As @MDEWITT suggests, you could use the delta method in the article, though I think you would probably need to estimate the model differently - you would probably need a single multivariate model rather than two independent regression models because you need the covariance of the two coefficients, which doesn't exist unless you estimate a joint model.
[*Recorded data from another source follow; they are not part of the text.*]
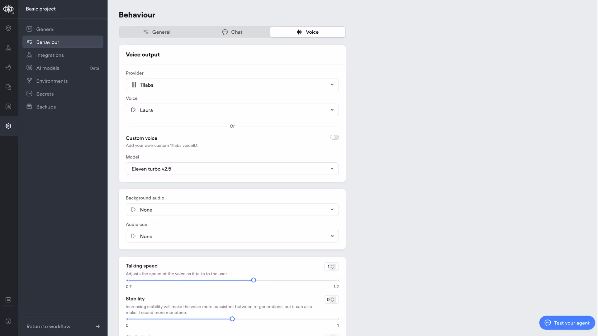 After selecting voice in Behavior settings, you get options for configuring the voice agent.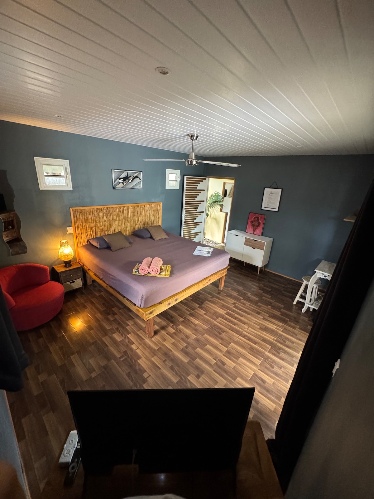 En las exuberantes colinas de la isla más pequeña de Tahití, Le Studio te da la bienvenida en el corazón de la vegetación tropical polinesia. Esta pequeña casa de madera, abierta al jardín, ofrece un acogedor refugio natural ideal para una pareja, una familia o un grupo pequeño. Animales en libertad, un jardín animado y un ambiente auténtico dan forma a la experiencia. Le Studio tiene capacidad para un máximo de 3 huéspedes. A partir de 4 huéspedes, se proporciona un dormitorio adicional detrás de La Galerie, la gran casa ubicada justo al lado.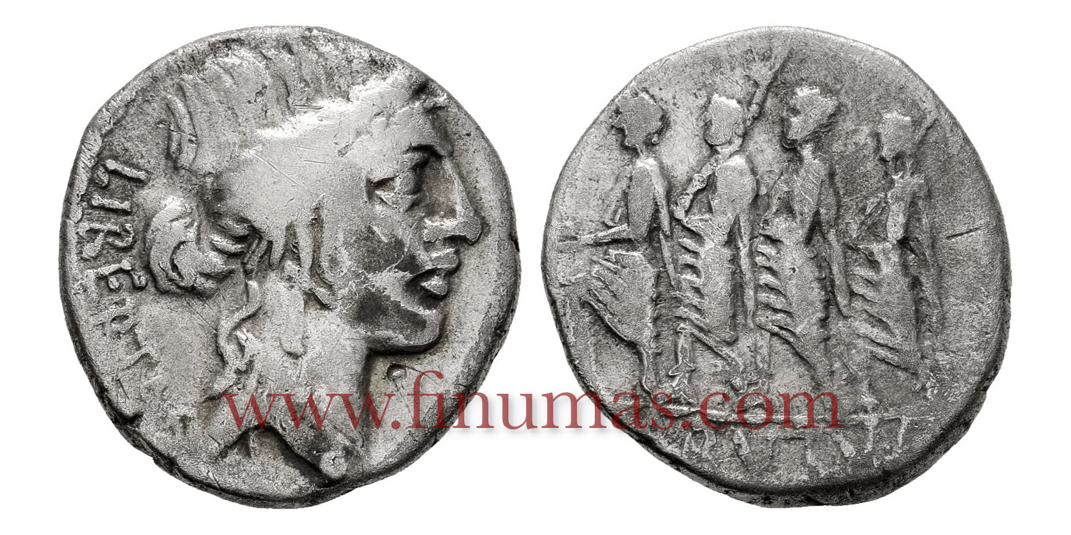 Denarius. 54 a.C. Junia. Q. Caepio Brutus. Rome. Obverse: Head of Liberty, with jewel on forehead, right, behind: LIBERTAS. Rev.: Brutus marching left between two lictors and preceded by an "accensus", in exergue: BRVTVS Ag 3,50gm. (Ffc-79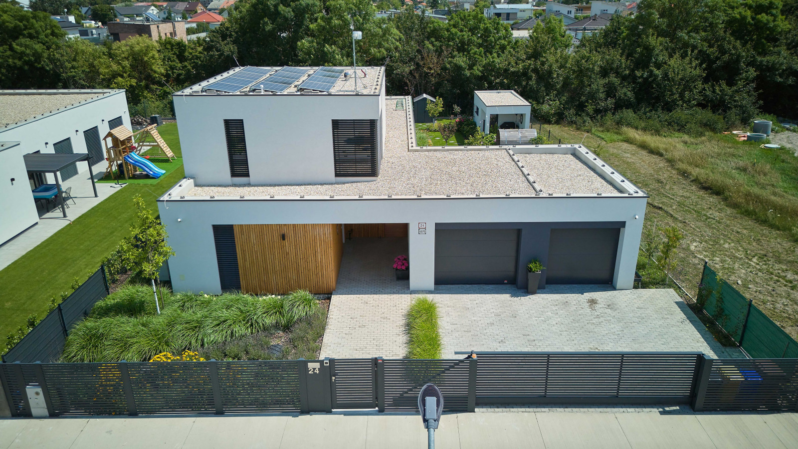 je projekt, ktorý vznikol ako odozva na projekt PEGASUS, kedy bolo pre nás výzvou vyriešiť požiadavku potreby garáže a jeho prepojenie s domom tak, aby neutrpel dizajn domu a bola dodržaná nadčasová architektúra. Tento projekt v reálnom priestore dominuje medzi ostatnými stavbami a vyniká symetrickými líniami, pod ktorými sa skrýva vkusné a zároveň funkčné bývanie. Spodná časť zaujme jednoduchosťou a rovnými stenami v kombinácii s veľkoformátovým presklením a jedinečný moderný dizajn dotvára druhé podlažie, ktoré pôsobí veľmi vkusne a zároveň nenápadne, no poskytuje dostatočný priestor pre svojich obyvateľov. V interiéri je srdcom domu kuchyňa s jedálňou prepojená s obývacou izbou, s rozsiahlym výhľadom na záhradu. Zaujímavým dispozičným riešením umiestnenia spálne s vlastnou kúpeľňou a šatníkom na prízemí, sme docielili dostatok súkromia pre rodičov. Veľkou výhodou stavby projektu PEGASUS PLUS je veľkorysý priestor a premyslené dispozičné riešenie na pozemku s rozlohou už od 700 m².

Joint model with deltamethod for computing SE:

library(msm)
data(mtcars)
# Run the regression
model<-lm(cbind(mpg, wt)~cyl+gear+drat, data = mtcars)
b <- c(coef(model))
v <- vcov(model)
## calcualte se
est <- b[2]/b[6]
se <- deltamethod(g = ~ x2/x6, b, vcov(model))
> est 
# [1] -8.160363
> se
# [1] 1.770336

There are other methods, too.

A non-parametric bootstap could be used:

## write a function to calculate the statistic of interest
boot.fun <- function(data, inds){
  m <- lm(cbind(mpg, wt) ~ cyl + gear + drat, data=data[inds, ])
  # return the appropraite ratio
  coef(m)[2,1]/coef(m)[2,2]
}

library(boot)
## bootstrap the function
out <- boot(mtcars, statistic=boot.fun, R=5000)
## calculate confidence intervals
boot.ci(out, type=c("perc", "bca"))
# BOOTSTRAP CONFIDENCE INTERVAL CALCULATIONS
# Based on 5000 bootstrap replicates
# 
# CALL : 
#   boot.ci(boot.out = out, type = c("perc", "bca"))
# 
# Intervals : 
#   Level     Percentile            BCa          
# 95%   (-12.993,  -5.152 )   (-12.330,  -4.838 )  
# Calculations and Intervals on Original Scale

You could also use a parametric boostrap:

## draw coefficients from implied sampling distributions
B <- MASS::mvrnorm(5000, c(coef(model)), vcov(model))
## calculate the ratio for each draw
rat <- B[,2]/B[,6]
## calculate the confidence itnerval
round(c(mean(rat), quantile(rat, c(.025,.975))), 3)
#           2.5%   97.5% 
# -8.559 -14.418  -5.554 

The three methods generate these three confidence intervals:

q1 <- est + qt(c(.025,.975), df=model$df.residual)*se
q2 <- boot.ci(out, type="perc")$percent[1,4:5]
q3 <- quantile(rat, c(.025,.975))
cis <- rbind(q1, q2, q3)
colnames(cis) <- c("lwr", "upr")
rownames(cis) <- c("Delta Method", "BS (non-parametric)", "BS (parametric)")
cis
#                           lwr       upr
# Delta Method        -11.78673 -4.533994
# BS (non-parametric) -12.99338 -5.151545
# BS (parametric)     -14.41812 -5.553773

Both the parametric bootstrap distributions (these are for the middle 99% of the data) are skewed left, so a normal-theory confidence interval based on the estimate and standard error may well be inappropriate.

par(mfrow=c(1,2))
hist(out$t[which(out$t > quantile(out$t, .005) & out$t < quantile(out$t, .995))], main="Non-parametric Bootstrap", xlab="ratio")
hist(rat[which(rat < quantile(rat, .995) & rat > quantile(rat, .005))], main="Parametric Boostrap", xlab="ratio")